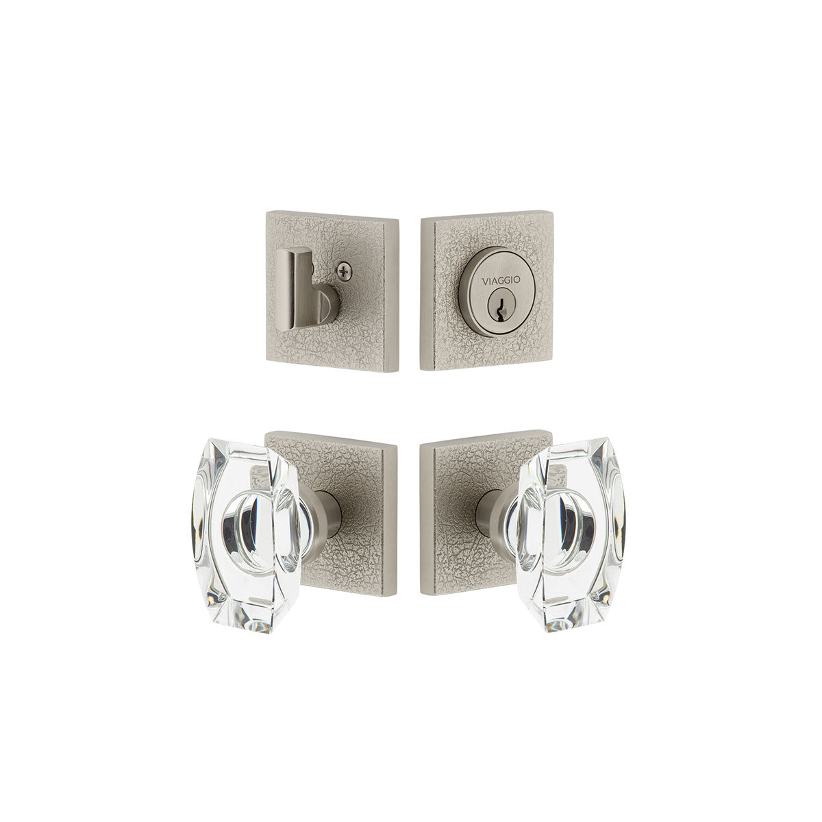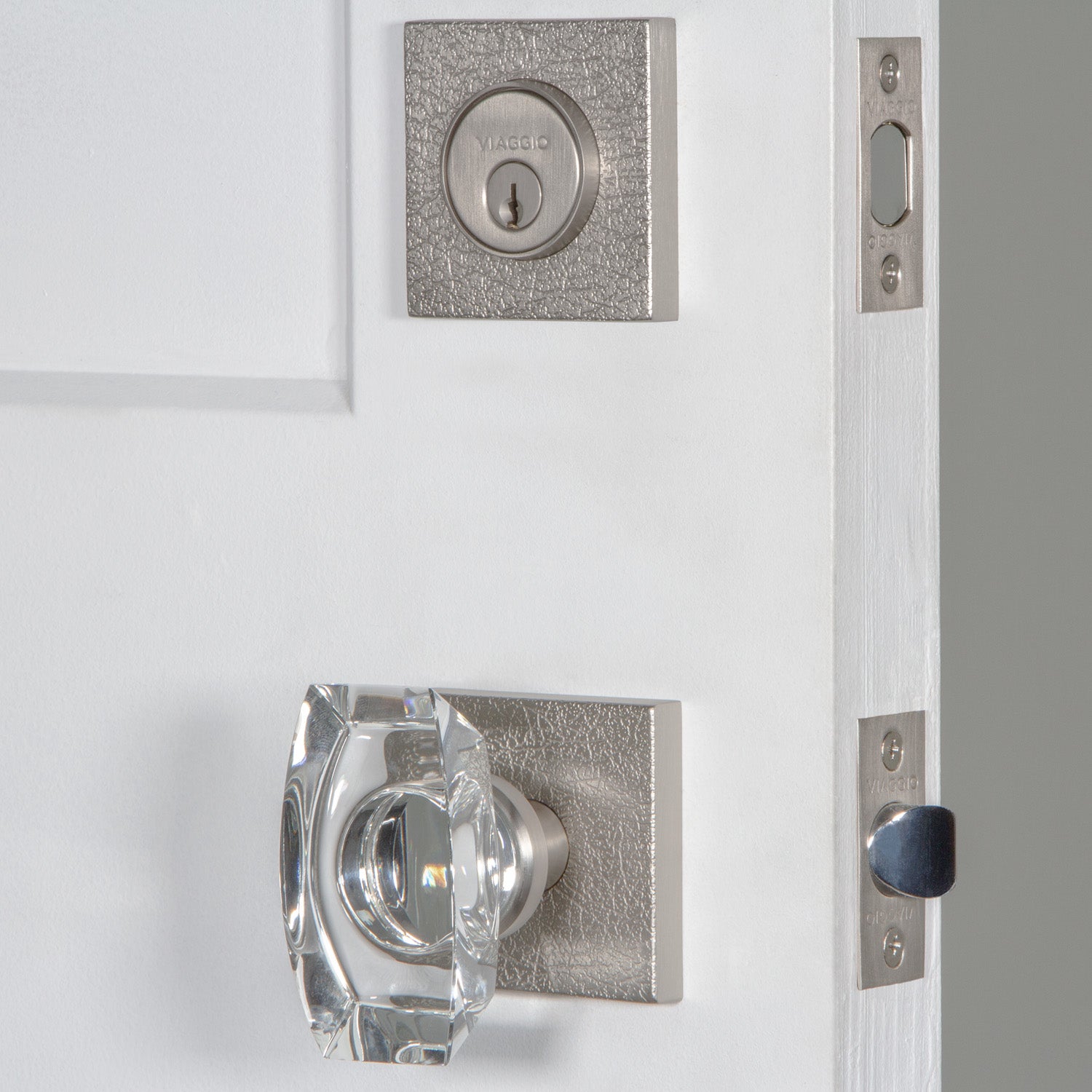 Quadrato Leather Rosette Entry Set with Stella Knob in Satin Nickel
━━━━━━
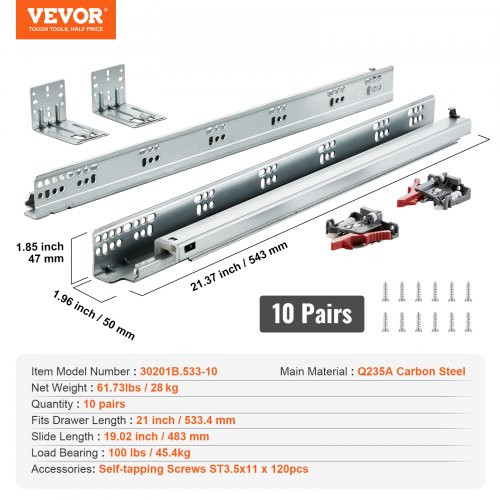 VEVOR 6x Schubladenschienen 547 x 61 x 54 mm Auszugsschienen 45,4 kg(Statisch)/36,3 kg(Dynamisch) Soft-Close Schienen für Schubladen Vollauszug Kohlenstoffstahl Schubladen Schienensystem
━━━━━━
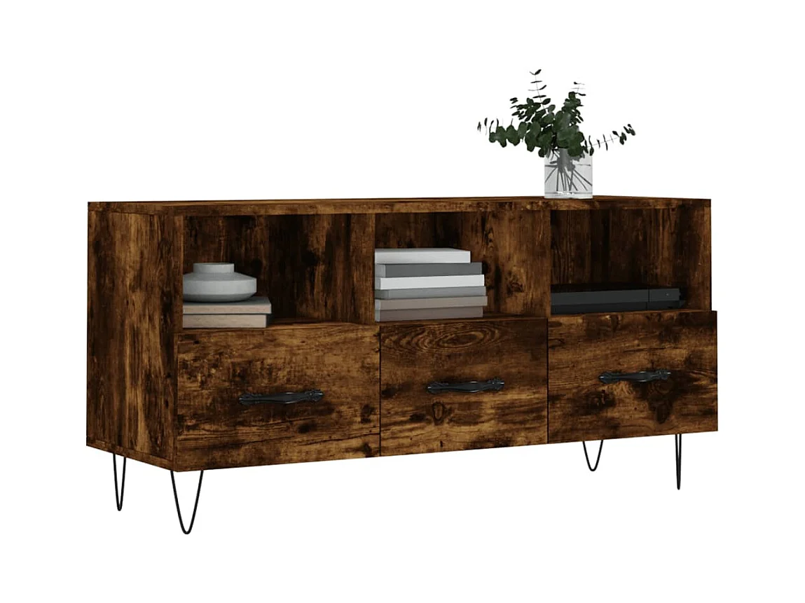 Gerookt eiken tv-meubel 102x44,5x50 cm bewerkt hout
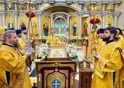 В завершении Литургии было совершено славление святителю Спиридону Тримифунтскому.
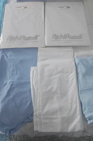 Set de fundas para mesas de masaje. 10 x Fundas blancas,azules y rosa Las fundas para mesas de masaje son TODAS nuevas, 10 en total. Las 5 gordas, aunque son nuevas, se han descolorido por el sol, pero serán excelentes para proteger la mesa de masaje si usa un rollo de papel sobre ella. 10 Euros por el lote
━━━━━━
_EXERCISE DESCRIPTION_
Repeat exactly, and only, the entries from the line with "В завершении Литургии" through the line with "Set de fundas". Pictures are skipped.

_OUTPUT_
 В завершении Литургии было совершено славление святителю Спиридону Тримифунтскому.
 Set de fundas para mesas de masaje. 10 x Fundas blancas,azules y rosa Las fundas para mesas de masaje son TODAS nuevas, 10 en total. Las 5 gordas, aunque son nuevas, se han descolorido por el sol, pero serán excelentes para proteger la mesa de masaje si usa un rollo de papel sobre ella. 10 Euros por el lote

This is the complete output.